Work to complete »
When copying the data below, keep only the lines from the one with "先代社長の「やぶれ親爺」と思" through the one with "Cut Leaf Across", word for word, and skip the pictures.

Top of Data for the task

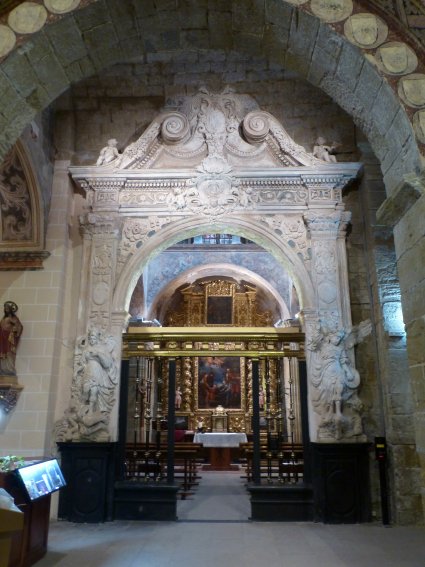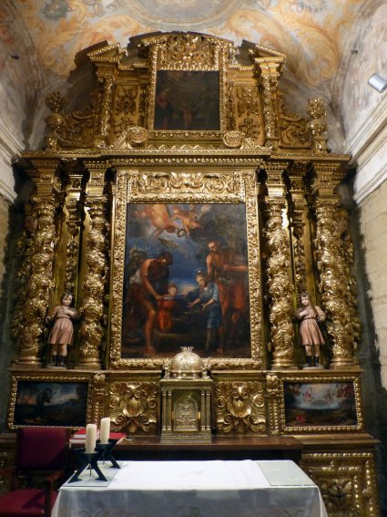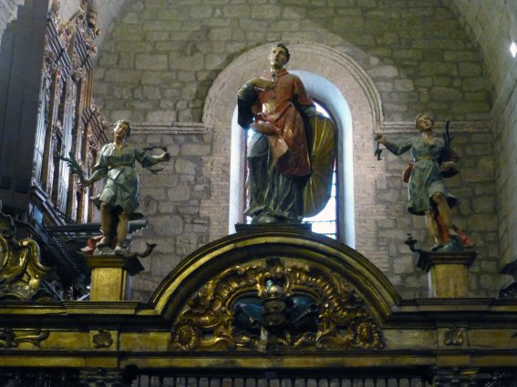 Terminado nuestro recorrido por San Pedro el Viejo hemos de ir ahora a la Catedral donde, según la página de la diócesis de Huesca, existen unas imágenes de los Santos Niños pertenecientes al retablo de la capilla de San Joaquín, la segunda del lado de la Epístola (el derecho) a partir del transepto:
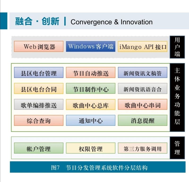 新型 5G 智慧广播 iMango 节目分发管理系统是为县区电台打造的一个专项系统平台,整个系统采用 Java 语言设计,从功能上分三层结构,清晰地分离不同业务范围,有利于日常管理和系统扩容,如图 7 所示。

Bottom of Data for the task
Top of Data for the task

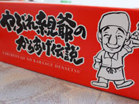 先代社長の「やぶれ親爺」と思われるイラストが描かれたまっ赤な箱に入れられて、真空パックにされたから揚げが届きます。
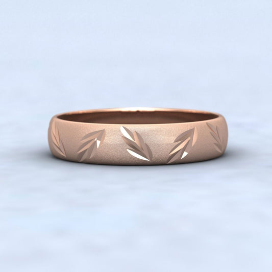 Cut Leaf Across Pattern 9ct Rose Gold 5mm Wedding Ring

Bottom of Data for the task

Output for this task »
 先代社長の「やぶれ親爺」と思われるイラストが描かれたまっ赤な箱に入れられて、真空パックにされたから揚げが届きます。
 Cut Leaf Across Pattern 9ct Rose Gold 5mm Wedding Ring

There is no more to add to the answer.